Stanley Clarke Stuns Listeners Again with ‘Jazz in the Garden’

Posted in MusicWorld on June 11, 2009 by
Stanley Clarke records with Hiromi Uehara and Lenny White.
Stanley Clarke records with Hiromi Uehara and Lenny White.

In the jazz world, Stanley Clarke is a living legend and a bona fide hero for bass enthusiasts.

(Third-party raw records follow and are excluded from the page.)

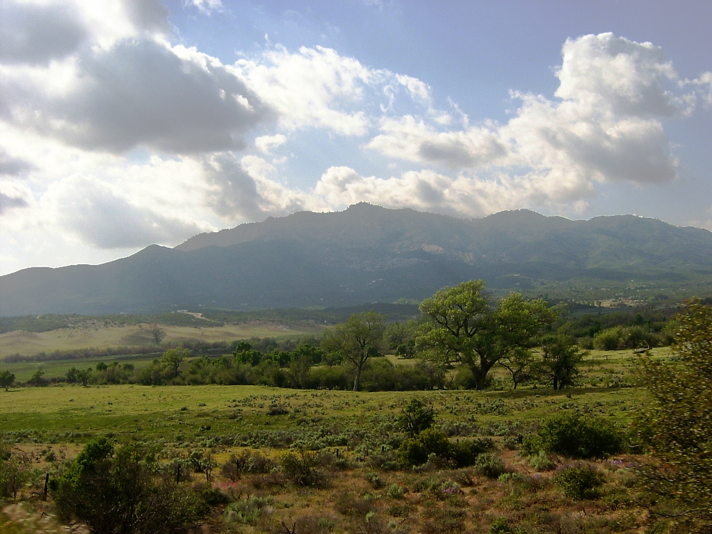 Anza, California, View of the Cahuilla mountains from Cahuilla road. Late spring 2005.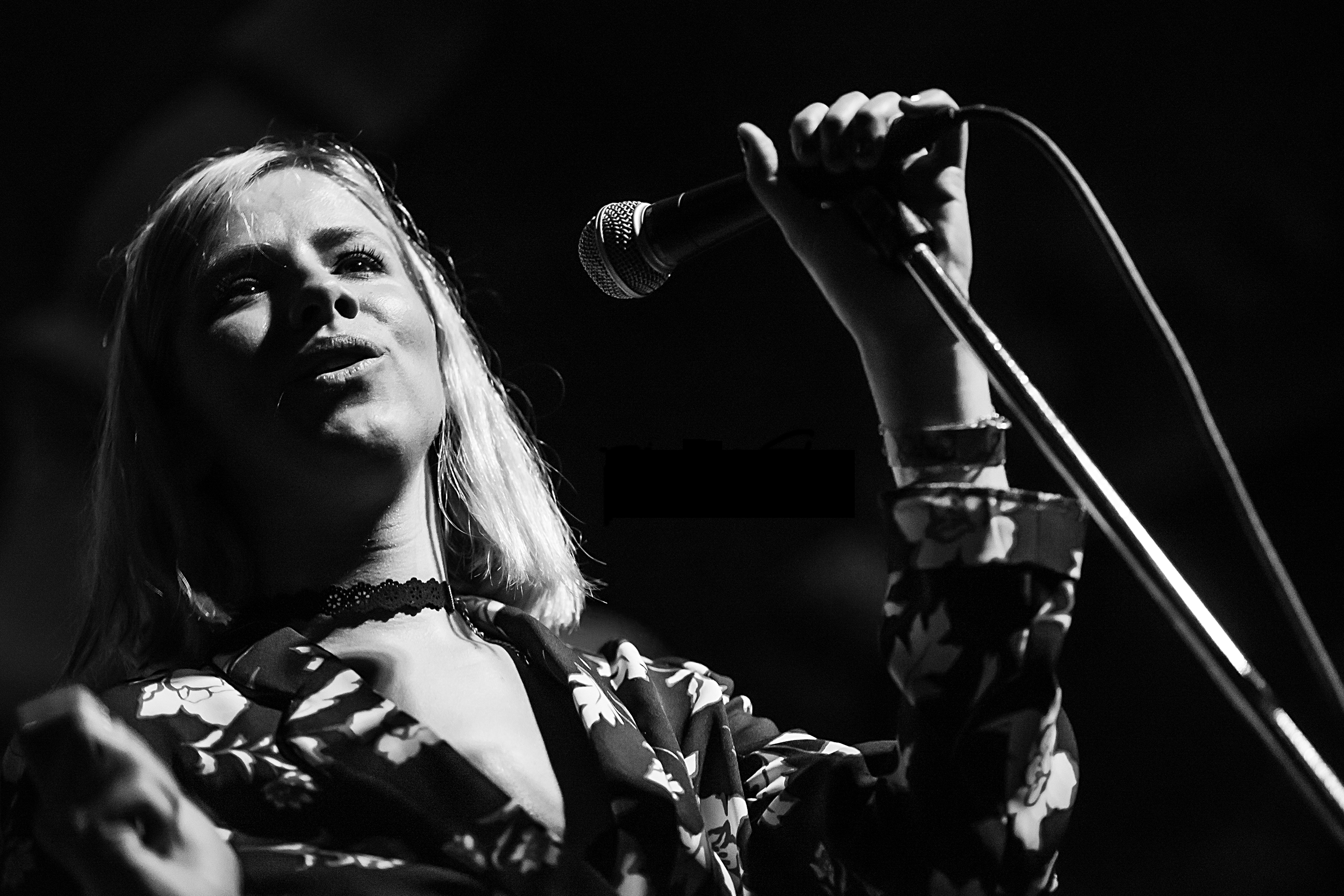 Dagny at School Night at Bardot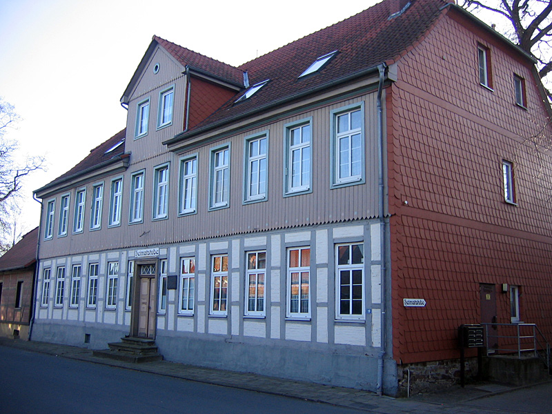 Birthplace of Wilhelm von Bode in Calvörde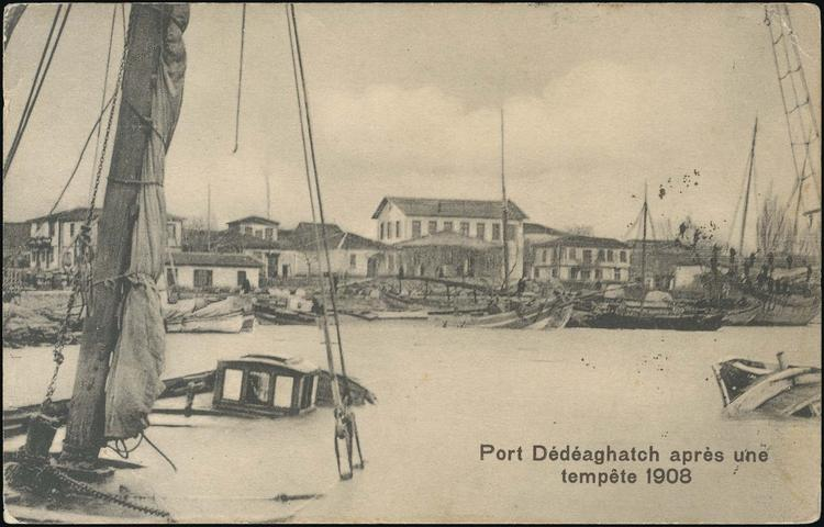 The harbour of Dedeagach after a storm in 1908.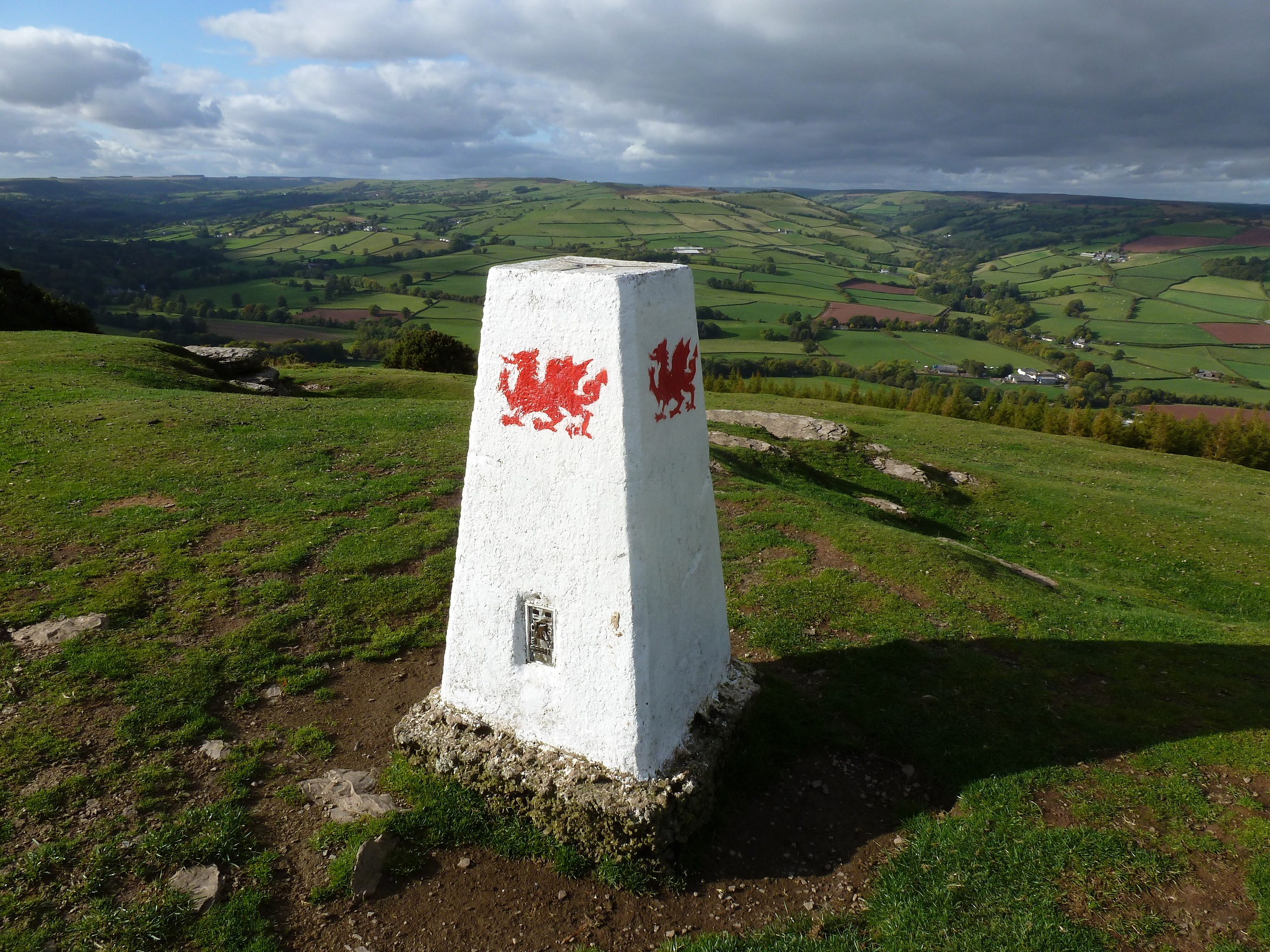 Mynydd Illtud, Powys, Wales: Twyn y Gaer triangulation point

Along with fellow bassists Ron Carter and the late Jaco Pastorius, he is responsible for bringing the instrument out of the background. “Anyone who’s followed my career could easily see that I’ve sort of been kind of a bass revolutionary, for lack of a better word,” he says over a telephone interview. “Someone’s who’s trying to really move the bass forward—out of the back.”

After a whirlwind of activity in 2008 that included writing music for the soundtrack of feature film Soul Men, tours with SMV (Clarke, Marcus Miller and Victor Wooten) and a Return To Forever reunion, Clarke returns to his roots with Jazz In The Garden (Heads Up), an all-acoustic record made with pianist Hiromi Uehara and drummer Lenny White. “When I first came to New York, I played in acoustic jazz bands with Art Blakley, Stan Getz – and even the early Return to Forever stuff was all acoustic, so it was kind of a full circle for me,” he explains. “It’s not like one day I woke up and said, ‘I think I’m going to investigate acoustic music.’ It’s always been there.”

Over his thirty-year career, Clarke has written for film, singers and orchestras – credits include Hollywood features 2005’s Into The Sun and 1991’s Boyz in The Hood, in addition to producing sessions for the likes of Natalie Cole, Nancy Wilson and the late Maynard Ferguson. “I’m a regular composer, which means I can do pretty much whatever I know and whatever I research,” he says. “I basically have composed a wide variety of music – I write music for singers, orchestras, r&b music, pop, classical, all sorts of things.”

He notes that he writes differently, depending on what he is working on. “Usually when I compose for film, I have the help of a scene and the director telling me—sort of instructing me—how he wants the music to go and he wants it to enhance his picture, and basically I use every musical device I have under my skin to pull something off.”

“When I write instrumental music, what I do is I try to write music that features the bass, and if I’m doing a Stanley Clarke album, I try to do something that presents the bass in a positive, progressive way.”

A consummate artist distinctly aware his inspiration, Clarke says that he is drawn mostly to the feeling of a determined tune. “Certain notes or chords don’t inspire me so much as to what someone does with those notes,” he says. “That is the core of what we are trying to do as musicians. The notes and the chords are secondary. The spirit and the feeling have to be there in order to make it really pleasurable for someone else.”